Phil Richter, executive director of the Ohio election committee, establishes before the last meeting. (Photo Nick Evans, Ohio Capital Journal.)

The General Assembly in Ohio summed up the expiration date at an independent authority supervising the financing of the campaign within the latest state budget. On January 1, the duties of the election committee in Ohio passes to the fresh office under the umbrella of the Secretary of State. In addition, a certain transfer most of what happens next is still in the air. In the meantime, their work continues.

The commission meets

The Ohio election committee meets in the basement in the Vern Riffe Center hear room, on the other side of the street from Ohio Statehouse. Commissioners sit at a long table on the podium before a few rows of poorly filled chairs. The mood among commissioners is carefree and collegiate. They exchange and tease each other about who first received the application.

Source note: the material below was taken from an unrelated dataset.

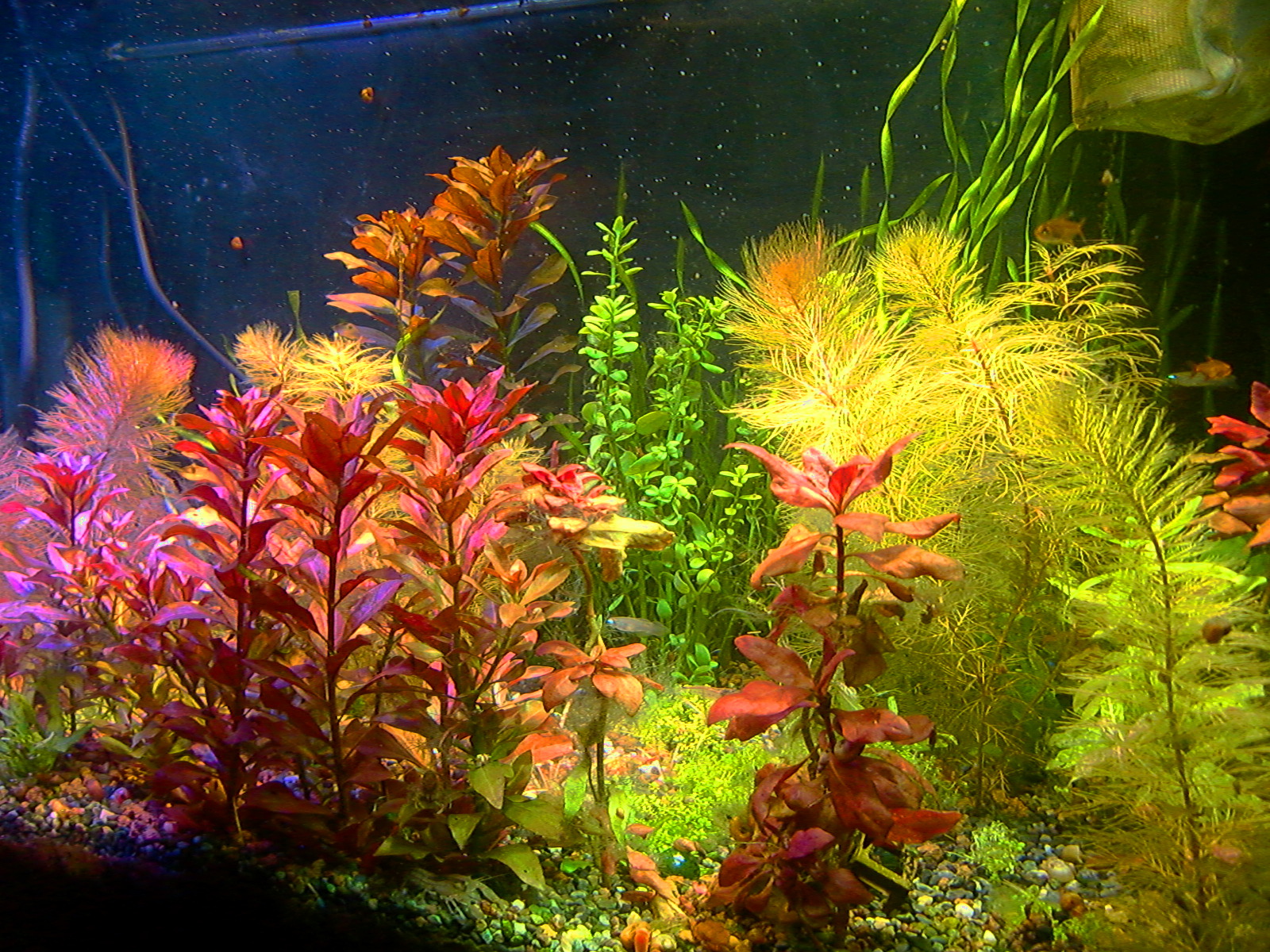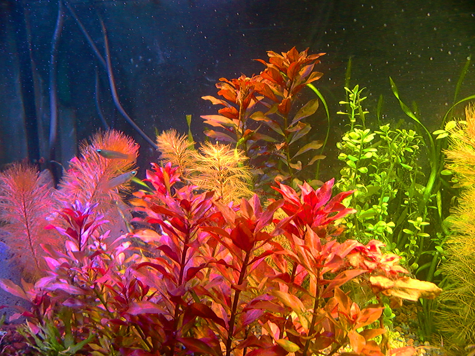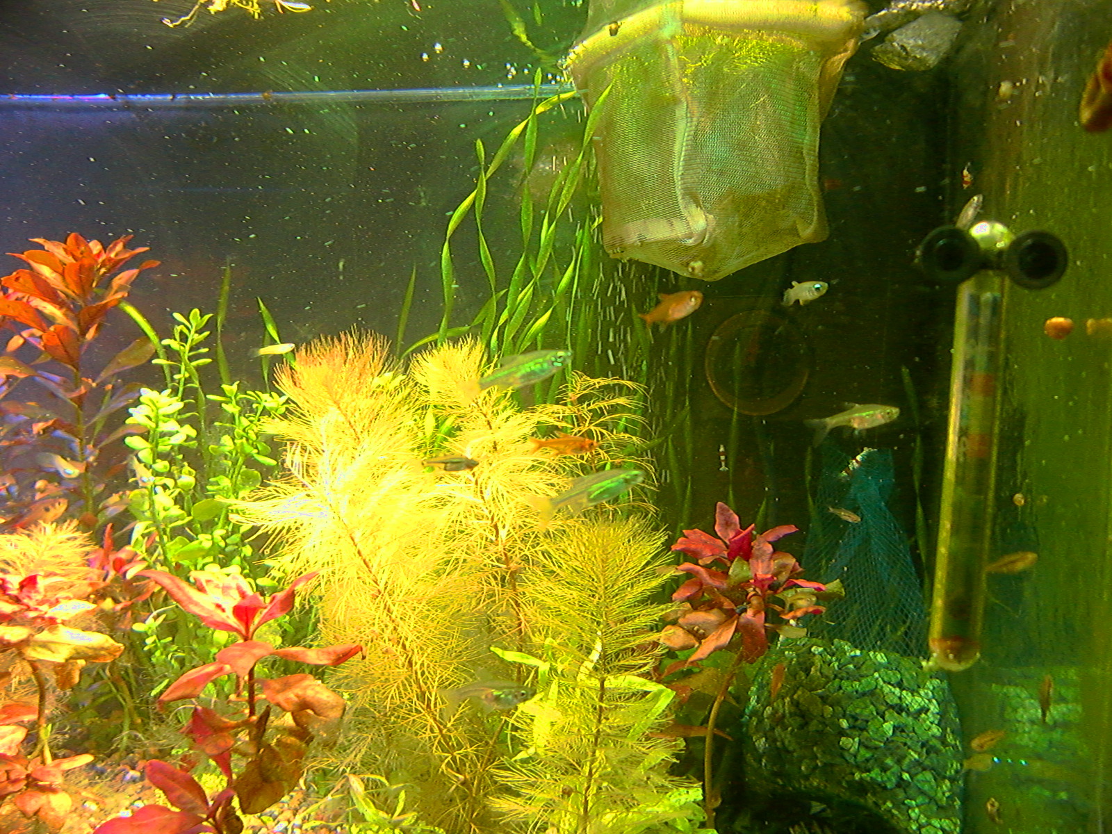 水槽の近況 その他 2019年02月19日 写真アップしました。 ザ・赤系水草っていう感じの 赤さは自慢ですが… 今も藻類と戦争中です。 モズク状の藻がいっぱい。 鉄分を添加したせいですが、理由はあとで書きますが、この葉を赤くするために鉄分を入れたわけではないです。 ルドウィジア・レペンス・ルビンの葉は鉄分のみの肥料を入れていない時から赤かったのです。 8月下旬の写真ですが、緑色の水上葉で届いたルビンの状態。 右側に生えているのは同時に届いたテネルス。本数は若干増えたものの矮小化してしまいました。 ルビンが伸びてきたところ。赤い水中葉を出しています。 冒頭の写真のように赤くなっていく途中の段階です。 マツモを植えてありますが、根無し草だと知らずに買ってしまいました。底に植わった部分から白くなって溶けてくる成長の仕方をするんですね。 育ちは速いので、これ中心の水槽にするならいいのですが、伸びてきて他の草に影を落とすほどの長さにならないと、栄養を吸い取ってくれないようで、短くカットしてしまうと、根元が細くなって溶けて藻類の原因になるようだったので、現在は全部抜いてしまいました。 もしも、こんな風にできたら楽しいなと思ってくれたらこちらの記事もどうぞ。 藻類対策にはなんといっても高速成長する水草の量が大事だと思っていますが、マツモは撤去してしまったし、この中では育ちの早い水草で調子がいいのがレッドミリオフィラムだけになりました。 底床肥料が切れてきて、量の多いルドウィジア・レペンス・ルビンの成長がひと段落してしまったから、藻類が好む養分を吸ってくれなくなっているようです。 ネットが浮いてますが後で書きます。 成長が早いはずのハイグロフィラ・ロザエネルヴィスも入っているのですが、入れる前に農薬抜きを2か月以上していたからか、かなり弱ったままです。 レインキーも一緒に導入したので同様に弱っています。 新しい葉の色揚げには成功しているけど、古い葉が老化してきていて、成長が非常に遅いので草全体がまだまだ小さく、カットするわけにいかない感じです。 奥の緑色の丸い葉のバコパ・モンニエリも同様の条件でしたが、なぜかこれは平気そうでした。ただやっぱり成長が基本遅いようです。 シュフェルディ・ドワーフ・ザリガニ。 やんちゃな生物がいると雰囲気がかわりますね。 ザリガニの上に映っているボロボロの葉はレインキーです。 葉が赤いまま古くなってきている写真は珍しいでしょ? レインキーと言えば尖った葉をしてるものですが、購入時は尖っていました。 それが悪い環境につけていたら丸まってしまいました。たぶんヒーターがなかったせいだと思います。この水槽に植えた後に出てきた新しい葉も何故か丸いです。 この葉のふちについたモヤモヤしたものもモズク状の藻類です。 「かなりウツ(笑)」な キューバパールグラスの状況 奥にあるツブツブした小さい葉の水草はキューバ・パールグラス。 かなり好きなんですがあんまり増やせません。 藻類を取ると一緒に抜けるので困っています。 普通は手前に植えますね。 先に言っておくとキューバパールグラスについてはとくに超初心者です。それを踏まえてこの後を書かせていただきますのでご注意ください。 水槽水は6in1試験紙で硝酸塩濃度が75以上の色をしていたので、(個人の意見的に)窒素不足ではないはずだと考えていますが、キューバパールグラスの成長は悪いままだし、非常に抜けやすい状況が購入時から3か月後の現在まで続いています。 根張り悪し 浮いている部分を見ると、根っこがくねっていて、真下へ伸びて底へたどり着こうとしていないような、不健康な感じに思えた(印象)ので、「もしかして形態形成ができない?なら鉄分を入れてみようか」という軽い気持ちで、鉄分のみの肥料を入れてみた結果が大失敗。 入れすぎて冒頭の写真のようなモズク状藻類の爆殖を引き起こしました。 赤系水草のために鉄分を入れたわけではないのです。 殖えてはいるけど キューバパールグラスは購入時に、とても状態が良かったですが、現在そこからボリュームアップしていない感じです。 成長はしているようですが、絡んでくる藻類を手で取るときに全部浮いてしまったり、少しずつ取れてきてしまい、それを植えなおしたりしているのですが、植える場所がなくて困っています。 抜けたやつが植えれない すぐ隣に植えこむと、ピンセットを引き抜くときに隣のグラスも一緒に抜けるんです(笑)。 なので植えられなかったものは、前述のネットを浮かべてそのなかに入れたりして放置しちゃってます。これが藻類をまた殖やしてしまう要因になってそうです。 理想は、ルドウィジア・レペンス・ルビンの根本にも、ジャンジャンはびこってくれることだったのですが、そのような成長スイッチを入れることはできませんでした。 古い大磯砂をベースに園芸用ソイル(これも藻類の原因かも)を混ぜ混

In general, the cases that before them are straightforward errors-closes part-time, who forgot to submit reports or submitted them incorrectly. In one case, the candidate died, and the treasurer did not realize that more had to be done. Many of these incidents do not receive any penalty or a petite fine of USD 50-100.

But the commissioners are also trying to postpone their foot after repeated delays. One of the organizations tries to reconstruct his books after the previous treasurer started with his records. The commission agreed to give them another 30 days. But Commissioner Stephen Caraway warned: “I would be told for moving to a much higher violation, from 50 USD to $ 1000,” if it is still not resolved.

Otherwise, the commissioners had to raise their hands. Justin Perioli, a candidate for the town’s trustee, criticized the political emiler sent by “many interested citizens of the town of Lafayette.” He claimed that this is a false reservation because there is no committee with this name and there are no applications for financing the campaign for an email.

The commissioners were frustrated, but they had to reject the complaint because they could not serve a notification of a non -existent group. A representative of the Secretary of State called on Peroli to submit another complaint with them so that they could continue.

Ohio election commission at the last audition. From the left: Commissioner Stephen Caraway, Commissioner Ernie Knight, Vice -President of Shayla Davis, Chairwoman Christina Hagan, Executive Director of Phil Richter, Commissioner Karl Kerschner. Not in the photo: Commissioners John Lyall and Charleta Tavares. (Photo Nick Evans, Ohio Capital Journal.)

Where are we going

For OEC critics in state legislation, this penniless response to obvious violations and repeated extensions for striking treasurers only emphasizes the aging of the commission.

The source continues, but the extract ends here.